[ESWA 2023]Multi-scale receptive fields: Graph attention neural network for hyperspectral image cla--优快云博客

①Labelled set of a graph is defined as $\{(\boldsymbol{x}_i,\boldsymbol{y}_i)\}_{i=1}^l$ , where $l$ of $m$ nodes are labelled, $\boldsymbol{x}_i$ denotes spectral vector of node $i$ , $\boldsymbol{y}_i \in \mathcal{L}=\left \{ 1,...,c \right \}$ denotes the label of node $i$ , $c$ denotes the number of classes

②Mapping: $f:\mathcal{X}^{m}\mapsto\mathcal{Y}^{m}$

2.3.2. Graph convolutional neural network (GCN)
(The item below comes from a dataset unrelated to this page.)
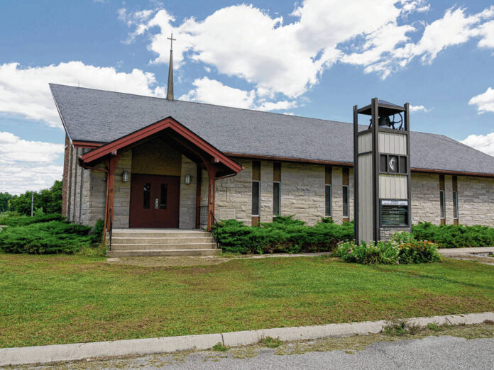 Mike Wolanin | The Republic An exterior view of Newbern United Methodist Church in Newbern, Ind,, Tuesday, Aug. 26, 2025.

①Undirected graph: $\mathcal{G}=(\mathcal{V},\mathcal{E},\boldsymbol{A})$ , where $\mathcal{V}$ denotes vertex set, $\mathcal{E}$ denotes edge set, $A\in\mathbb{R}^{m\times m}$ denotes adjacency matrix, $X\in\mathbb{R}^{m\times d}$ is node feature matrix

②Aggregation operation of GCN:

$\boldsymbol{X}_{i+1}=\sigma\left(\boldsymbol{D}^{-\frac{1}{2}}\widehat{\boldsymbol{A}}\boldsymbol{D}^{-\frac{1}{2}}\boldsymbol{X}_{i}\boldsymbol{Q}_{i}\right)$

where $\sigma$ denotes nonlinear activation function, $\widehat{A}=A+I$ , $X_{0}=X$ , $D$ denotes degree matrix, $Q_i\in\mathbb{R}^{c_i\times c_{i+1}}$ denotes learnable matrix at layer $i$

2.3.3. Graph attention convolutional neural network (GAT)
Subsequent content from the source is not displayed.